Once fermentation is complete, and the yeast ceases to be active, the resulting liquid is referred to as wash or distiller's beer. Even though the wash is alcoholic it is still organic, which makes it susceptible to contamination by microorganisms that cause rot. Consequently, it is promptly transferred to the still for boiling to mitigate this risk.

===Distillation===

The decision to transfer either the entire wash or only the most liquid portion into the still is at the discretion of the distiller, and each choice affects the flavour profile of the final product in distinct ways. Following the transfer of the wash, the still is heated to a temperature sufficient to evaporate the alcohol while remaining low enough to prevent the evaporation of water. Alcohol vapour ascends through the still and is directed to the condenser, which consists of copper tubes or plates, where it condenses back into a liquid form known as the distilled spirit. This distilled spirit is meticulously monitored during its extraction. The initial and final portions of the distillate are deemed undesirable and are therefore redirected back into the still. Only the middle portion, considered the most desirable, is collected in the spirits receiver.

At this stage, the distilled spirit is clear and has an ethanol content ranging from 70% to 80% ABV. It is typically diluted before being transferred to casks for maturation, though some distilleries sell it as is at 'cask strength'.
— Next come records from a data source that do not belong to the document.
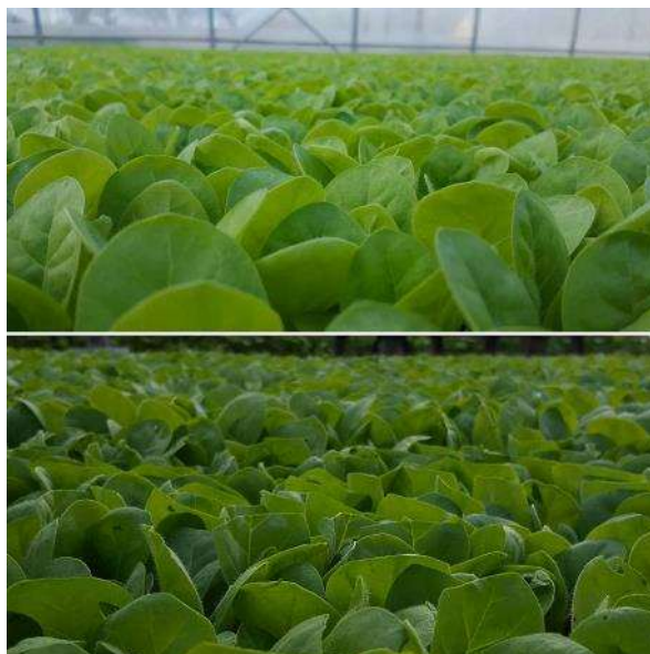
Tabac avant faucillage (photo du haut), tabac faucillé (photo du bas)

Les semis de référence sont au stade moyen « prêt à planter ». Les tabacs ont été faucillés sur la plupart des parcelles de référence.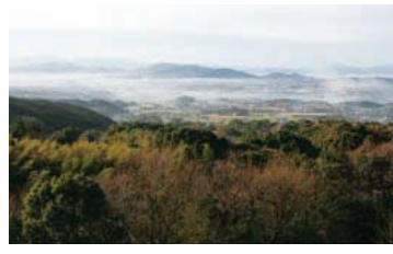
福智山のふもとから盆地を見下ろす絶好の眺め、自然の四季の移りも感じられる。夜景もキレイ。

福智山登山道の入り口に近い高所に建つ「白糸の湯」は、その見晴らしの良さと静けさが特徴です。露天風呂や家族風呂「レストラン白糸」からは、抜群の眺望を楽しむことができます。営業時間も午後11時までとゆったり。宿泊を利用すれば1泊2食付きで温泉にも好きなだけ入ることができます。上野焼の窯元めぐりや上野峡散策の後で一息つくのに最適な立地の「白糸の湯」。福智山登山の後の汗を流すかたも多いようです。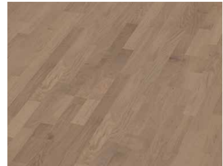
▲ STEIRER Parket Novoloc – Dub Classic Silva Dřevěná podlaha, tl. 8,5 mm, vč. obvodových lišt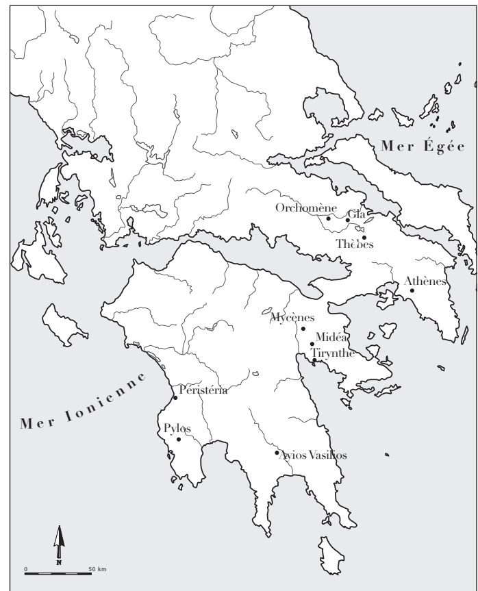
Fig. 1 – Carte figurant les sites mentionnés (R. Orgeolet).

De quelle nature ces derniers étaient-ils ? Aux alentours de 1250, un barrage d'une centaine de mètres de longueur et d'une dizaine de hauteur est aménagé en travers du cours d'eau qui jusque-là poursuivait son chemin jusqu'à la mer en passant au nord du Prophitis Ilias et à immédiate proximité de l'éperon de Tirynthe (fig. 3). Cette barrière artificielle a été ménagée avec la terre et les graviers extraits du canal avec lequel elle fonctionne, et renforcée de deux parements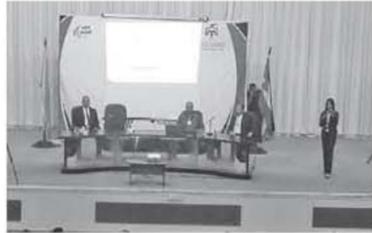
الاتباط - المفرق - يوسف المسابقة

تم تحدثت حول الجائزة وأهميتها والقطاعات الست التي تستهدفها الجائزة وهي التعليم والصحة والسياحة وبيئة الأعمال والنقل والمياه مبنية معايير التقييم التي ستخضع لها التطبيقات التي ستقدم للجائزة والاطار الزمني للجائزة وشروط المشاركة وكيفية المشاركة، وعرضت قائمة بمعلومات الاتصال لضباط ارتباط الجائزة في المؤسسات الحكومية المختلفة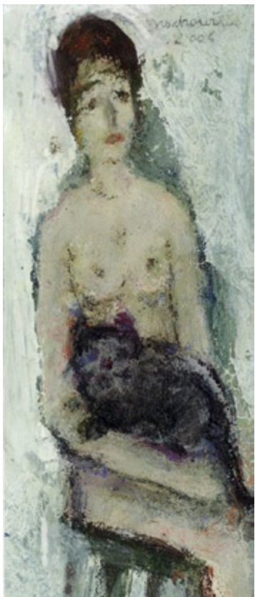
Bez tytułu, 2006 • olej, akryl na kartonie • w.: 21,7 x 9 cm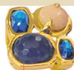
Anel R$ 199 Onde encontrar: Nair Santos Ótica E Joalheria (14) 3203-3531 3879-7764 3622-7311 (Jaú)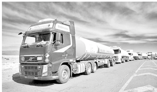
Cisternas transportan combustible importado por YPFB. YPFB

Permisos. A la fecha, 27 empresas de los sectores minero, agrícola, de la construcción y petrolero han recibido autorización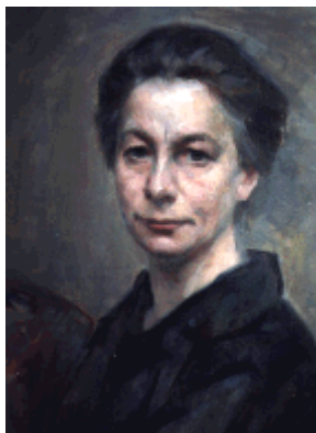
Ivana Kobilica – avtoportret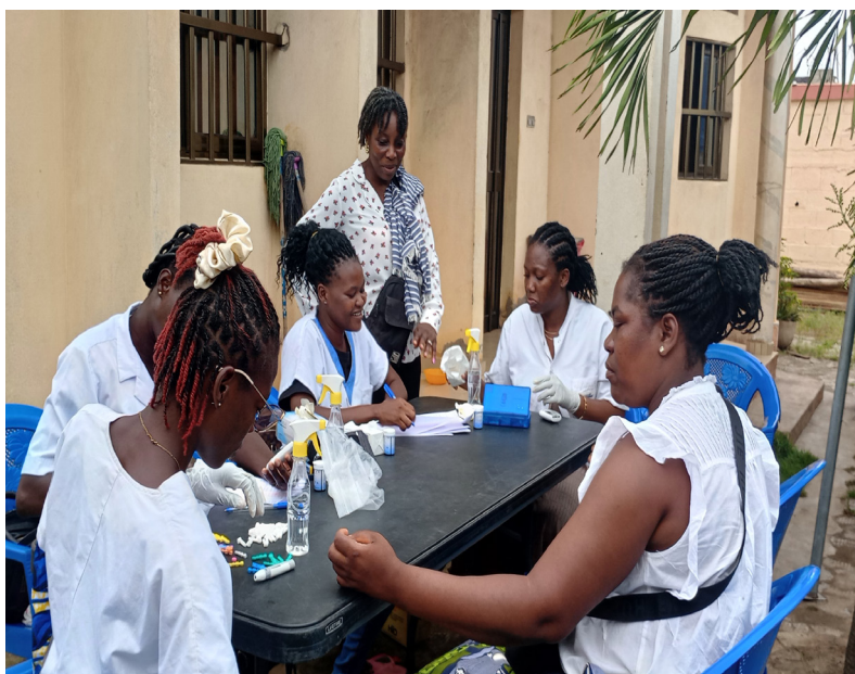
Séance de dépistage au marché de Hanoukopé

La sensibilisation s'est poursuivie au Centre Régional d'Étude et de Formation en Énergies Renouvelables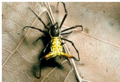
Araneidae Micrathena sp. 1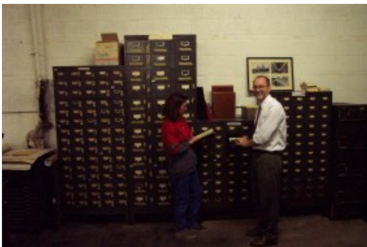
Foto 33. Die argeologiese katalogusrekords van UK.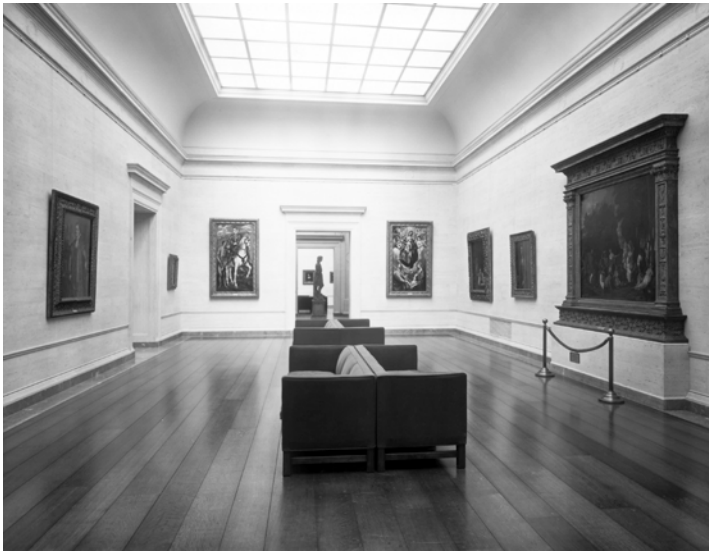
Fig. 6. Las dos obras del Greco expuestas en la sala 22 de la National Gallery of Art de Washington DC, en torno a los años cuarenta del siglo XX.

A diferencia de Peter, Joseph Widener era consciente del rol público de su colección. En este sentido llevaba años barajando la idea de donar parte de su colección en memoria de su padre a la Galería Nacional que se había creado en Washington gracias al interés personal y al apoyo económico de Andrew W. Mellon 38 y que abrió sus puertas en marzo de 1941.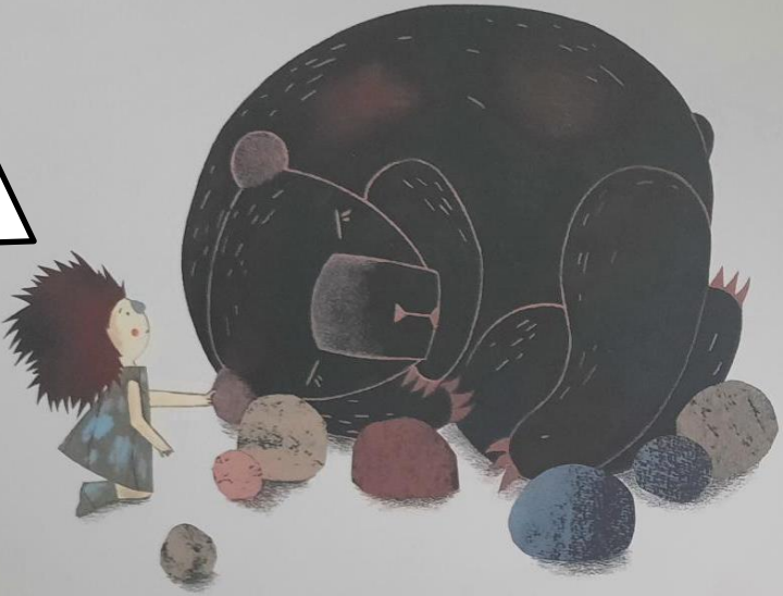
Le garçon tira délicatement une oreille de l'ours... qui ne bougea pas.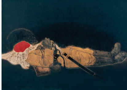
《國之楯》1944年 京都靈山護国神社(日南町美術館寄託)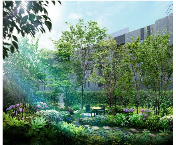
▲ガーデンパス完成予想CG

所在地：東京都渋谷区大山町 1083-2 ほか4筆（地番） 交通：東京メトロ千代田線「代々木上原」駅（西口）徒歩7分 小田急電鉄小田原線「代々木上原」駅（西口）徒歩7分 京王新線「幡ヶ谷」駅（南口）徒歩11分 敷地面積：8,002.73㎡（建築確認対象面積：2敷地合計） 構造・規模：鉄筋コンクリート造地上5階建 総戸数：140戸（募集対象外住戸7戸含む） 専有面積：63.05㎡～153.13㎡ 間取り：2LDK・3LDK 販売価格：未定 施工：東亜建設工業株式会社 東日本建築支店 竣工：2025年11月下旬（予定） 入居：2026年2月下旬（予定） 売主：三菱地所レジデンス株式会社 販売スケジュール：第1期 2023年11月中旬販売開始予定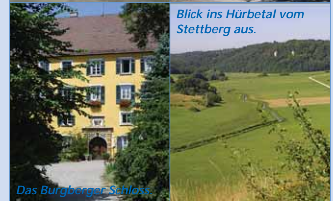
Das Burgberger Schloss.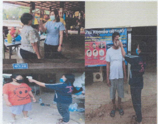
วัดใช้ในงานต่างๆ ผู้ที่เดินทางกลับมาจากต่างจังหวัด และผู้มีโอกาสเสี่ยง โดย จน.รพ. และ อสม.ประจำ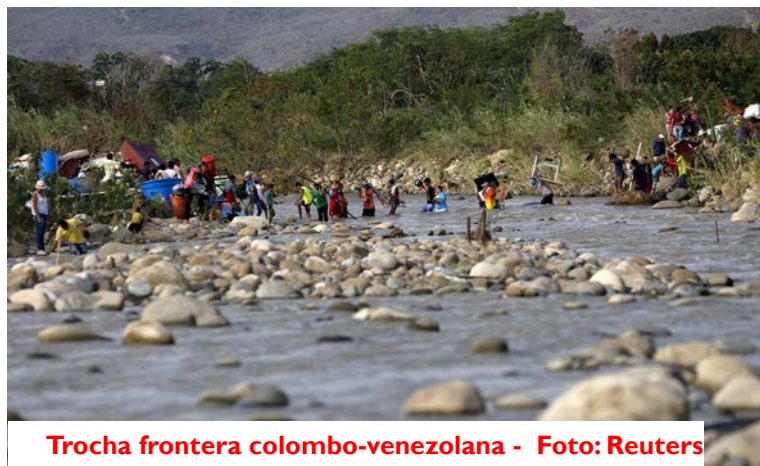
Trocha frontera colombo-venezolana

El bus salió de Barinas a las 6 de la mañana; en el camino conocí a 2 africanos que estaban nacionalizados en Venezuela, pero que iban a Cúcuta por la mala situación de mi país. Llegando a San Antonio del Táchira en un puesto de control del (CEICPC) nos hicieron bajar maletas para hacernos una requisita, debíamos entrar a un cuartico uno por uno; primero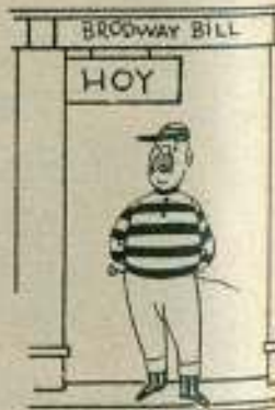
...la nueva empresa...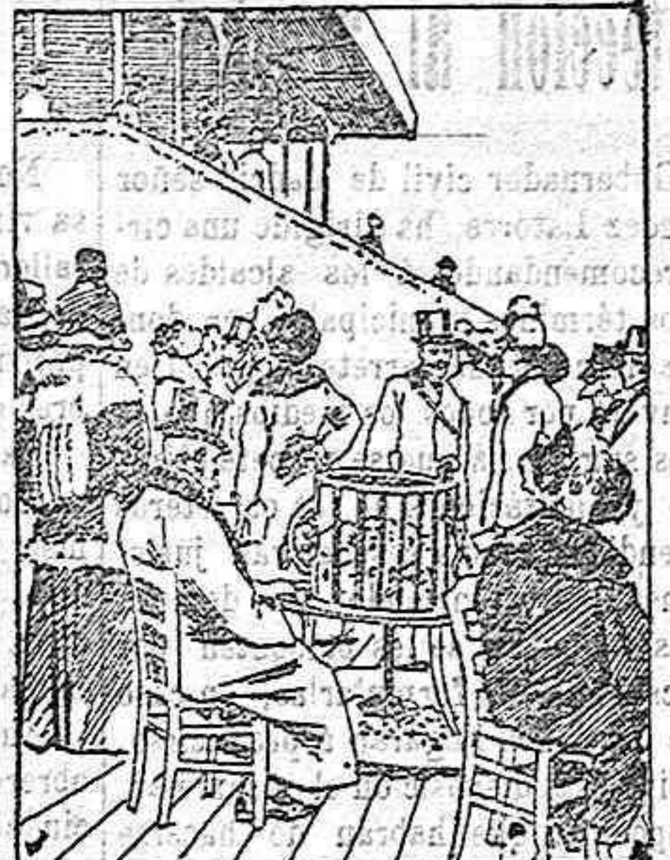
ORIGINAL ASPECTO DE UNA DE LAS PLANCHES, EN LA ÚLTIMA CARRERA DE OTOÑO.

Estos días atrás se han celebrado en el hipódromo de Auteuil, de París, las últimas carreras de caballos de la temporada de Otoño. Como es de suponer dados los temporales de lluvias y vientos que reinan desde hace más de quince días en toda Francia, esas carreras se celebraron bajo un cielo anublado y con una temperatura bajo cero.

A still for making whisky is usually made of copper, since it removes sulfur-based compounds from the alcohol that would make it unpleasant to drink. Modern stills are made of stainless steel with copper innards (piping, for example, will be lined with copper along with copper plate inlays along still walls). The simplest standard distillation apparatus is commonly known as a pot still, consisting of a single heated chamber and a vessel to collect purified alcohol.

Column stills are frequently used in the production of grain whisky and are the most commonly used type of still in the production of bourbon and other American whiskeys. Column stills behave like a series of single pot stills, formed in a long vertical tube. Whereas a single pot still charged with wine might yield a vapour enriched to 40–60% alcohol, a column still can achieve a vapour alcohol content of 95.6%; an azeotropic mixture of alcohol and water.

===Maturation (Aging)===

Whisky aging in casks in Canada

Whiskies do not mature in the bottle, only in the cask, so the "age" of a whisky is only the time between distillation and bottling. This reflects how much the cask has interacted with the whisky, changing its chemical makeup and taste. Whiskies that have been bottled for many years may have a rarity value, but are not older and not necessarily better than a more recent whisky that matured in wood for a similar time. After a decade or two, additional aging in a barrel does not necessarily improve a whisky, and excessive aging will even affect it negatively. The minimum aging period required for whisky varies by country. In the United States, the minimum aging requirement is typically 2 years, while in Scotland, Ireland, Japan, and Canada, it is generally 3 years.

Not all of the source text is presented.